I cannot send my letter to dear Bessy without adding a few lines to thank
you for your dear affectionate letter which I received some weeks back. I
am not nearly so quick in mind or body as I was before my last illness
so that I don't get through half of my daily course of work or business, &
now darkness is coming on rapidly while I am hurrying to be able to send
this to the post tonight. How very kind you were to write to Charlie. I
sent your letter to him. He prizes any letters from his kind Irish relations more than I can tell you & both he & George are always wishing for somereasonable excuse for writing to you in hopes of receiving an answer.
Charles has the most wonderful love for his Fatherland & for his kindred
there & lives in hopes of accompanying George sometime or other across
the Atlantic to visit their relatives & see some of the wonders of the Old
World. I am happy to say they are both well & as busy as possible.
George seems to have his time fully occupied & fears he cannot join
our home circle on Christmas day. I am now on the fidgets in expectation
of having my poor wandering son Frank home tonight or tomorrow,
as John started off just a month ago & found him at Xenia in Illinois,
just the same warm hearted good natured fellow he ever was, but looking
very thin, having but just recovered from a tedious illness. He was
obliged to wait some days to settle up his accounts with his employer
& I have not heard since but I am sure they will try to be home before
Christmas day & if possible will try to bring George along with them.

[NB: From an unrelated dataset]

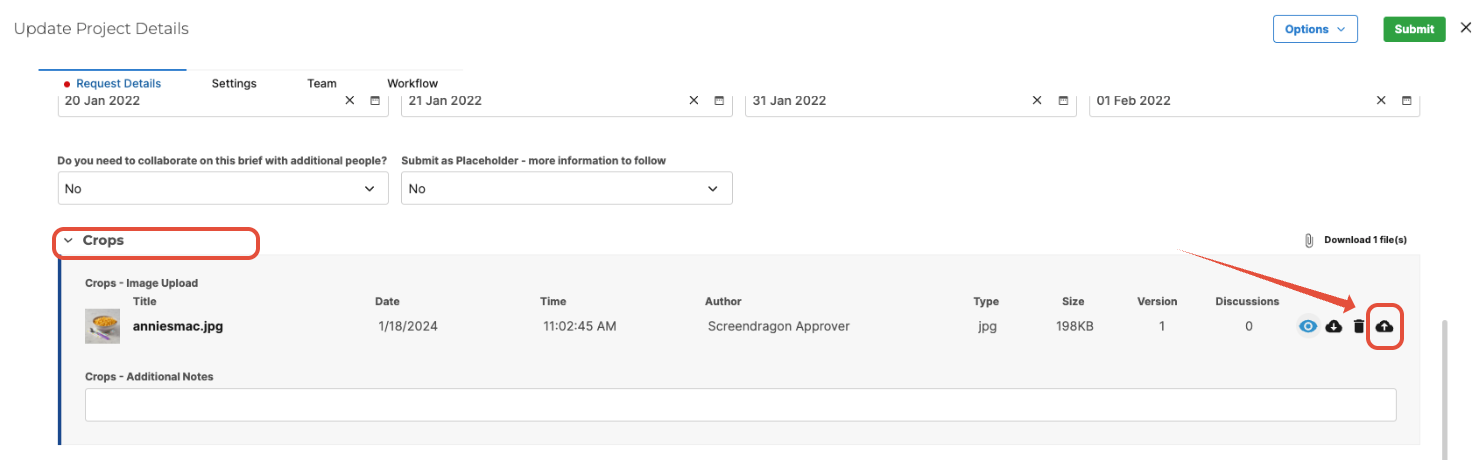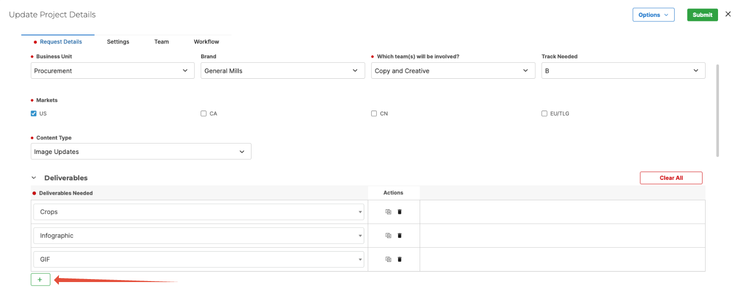 Users can click Add to create additional rows, each of which supports a separate file upload.

Poor Charlie will be the only absent one & he will I am sure feel it,
but as he paid us a visit so lately he could not ask leave of absence again
so soon. He is wonderfully anxious to know anything he can about my
Father & has requested me to write & ask you & Aunt Waller to tell me
everything you can, all particulars of his life & death, his college life &
his age when he died, & if he had been promised a Bishoprick or not. I
don't know why Charlie wants all this. He has repeatedly asked me as
a great favour to procure for him any of my fathers papers, sermons
or manuscripts which were to be had. But I never liked to ask for them. I suppose Catharine has them as I think Aunt Susan had them but of
course Catharine would not like to part with them & much as I would
value them I could hardly ask her for them but will be very thankful for
any particulars you can give me about my father of whom I have always
been too much in the dark.
Many thanks dearest Aunt for the Sentinel which I receive pretty regularly,
but not weekly. No numbers have missed tho' they come slowly. It
is a very good paper & I like it very much. It is pleasant to have an Irish
paper as now it is the only one I have except the Christian Examiner &
Layman which both came from you, I believe, my own kind Aunt. Indeed
it is too much for you to subscribe to the Sentinel on purpose for me. I
think it w'd be better if you w'd allow James to give you the subscription
from my money which I could afford now I am sure. But indeed I am
most grateful to you for this & all you are always doing for me. I have a
great deal more to say but can't try your eyes by crossing, so much cut
short the thread of this hurried scratch. I hope soon to hear. I am always
longing for letters but now am particularly anxious about dear Emma. So
with every kind wish for a happy Christmas & New Year to you my own
Aunty & all whom you & I both love. Believe me to remain your ever
affect e child & niece,
F. Stewart
All here write in kind love to all their cousins & Aunts.
23rd Deer 1853. Auburn.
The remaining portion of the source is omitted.